= BRIEF =
The lines from the one with "いただいた内容をもとに、正確" through the last line of the material below, copied exactly and free of pictures, make up the whole answer.

= SOURCE DATA =
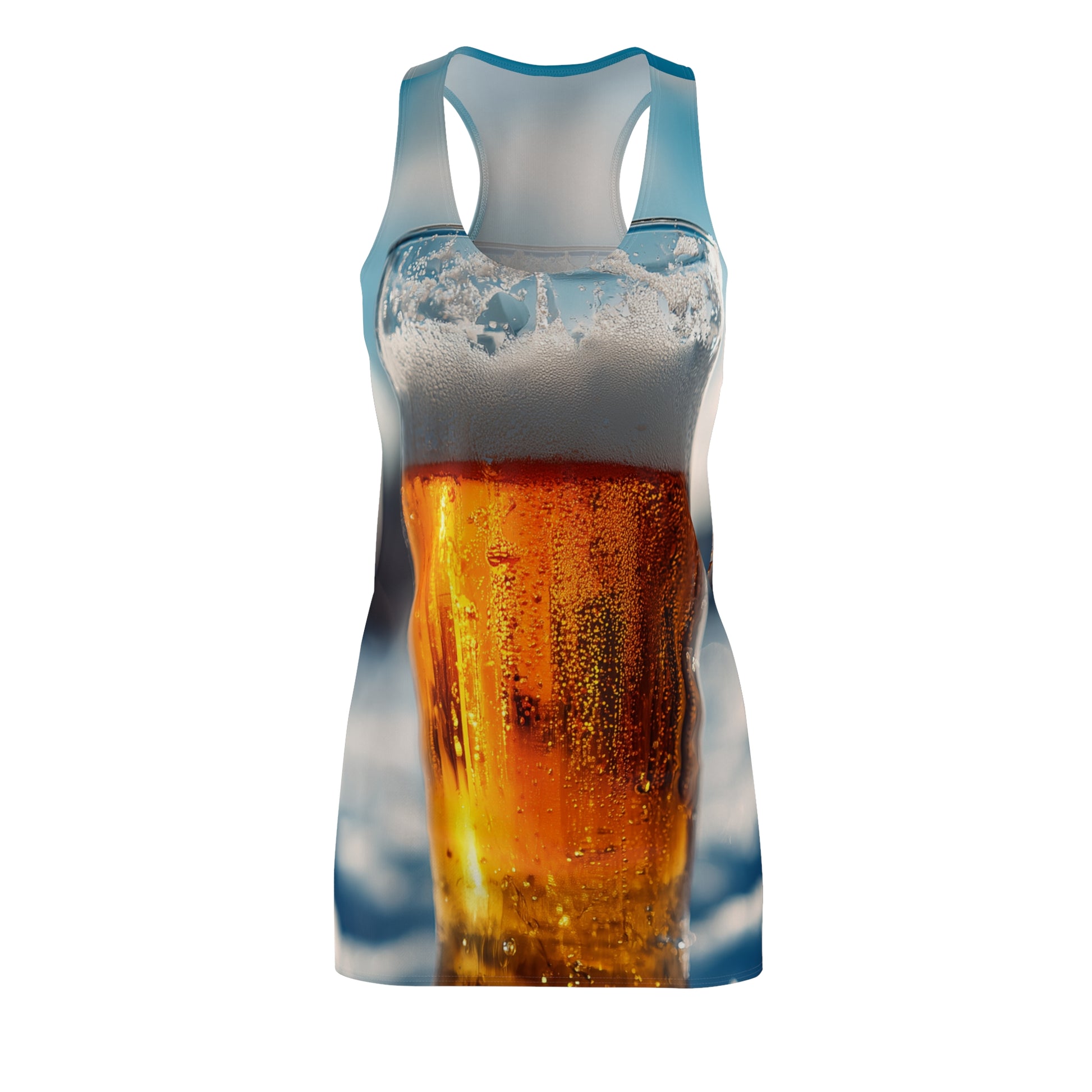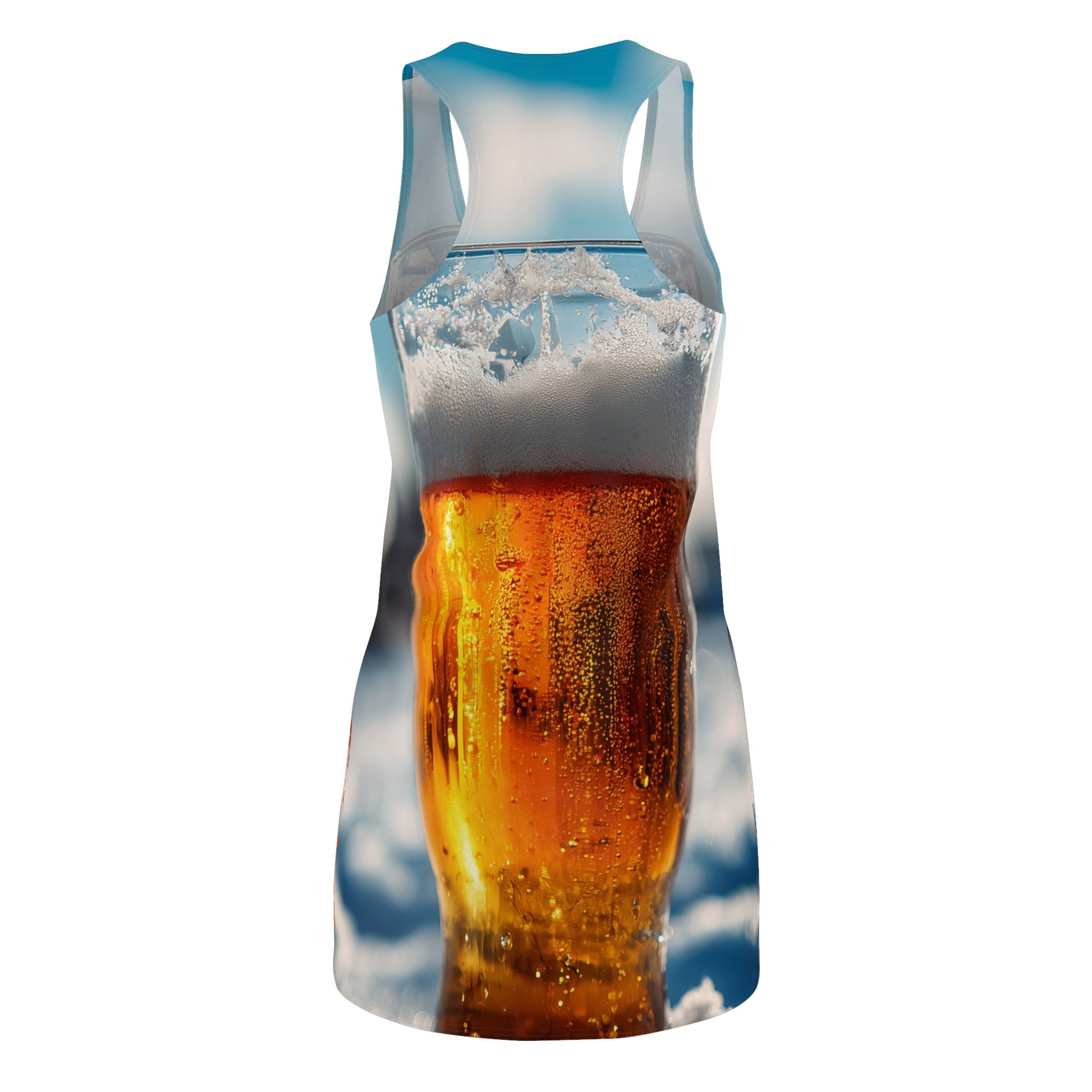 Beer Lover's Racerback Dress v2, Casual Summer Dress, Beer Theme AOP Dress, Eco-Friendly Dress, Outdoor Party Outfit
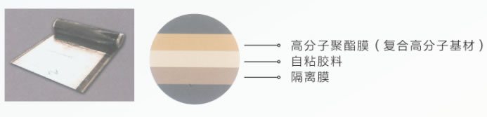 该材料集高分子材料与自粘卷材优点与一身,其抗拉强度和耐老化性优良,大大提高防水效果。其表面聚酯膜美观,在气温较高的情况下施工,很好的解决了其它自粘卷材易起鼓的现象。卷材施工完毕还可直接在其上绑扎钢筋或浇筑混凝土,地下室侧墙外防水施工后可直接回填土,不会构成对防水层的破坏。
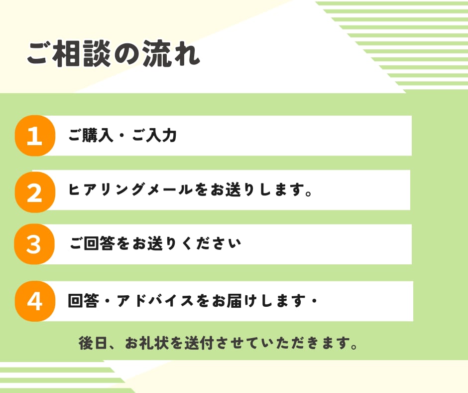 いただいた内容をもとに、正確な回答を行うため、こちらからいくつか質問をメールでお送りします。
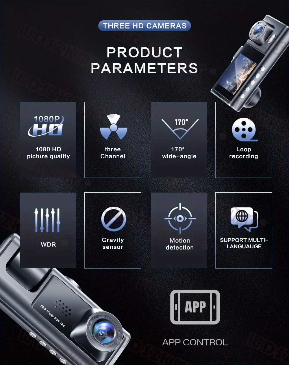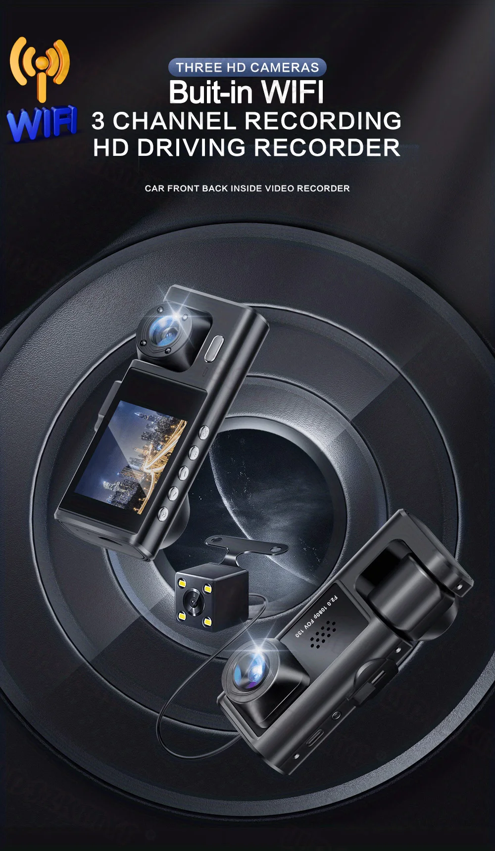 WIFI APP Control Car Dvr 3 Channel 1080P Dash Cam for Cars Front and Rear View Recorder Video Car Camera for Car Assecories

= ANSWER TO THE PROBLEM =
 いただいた内容をもとに、正確な回答を行うため、こちらからいくつか質問をメールでお送りします。
 WIFI APP Control Car Dvr 3 Channel 1080P Dash Cam for Cars Front and Rear View Recorder Video Car Camera for Car Assecories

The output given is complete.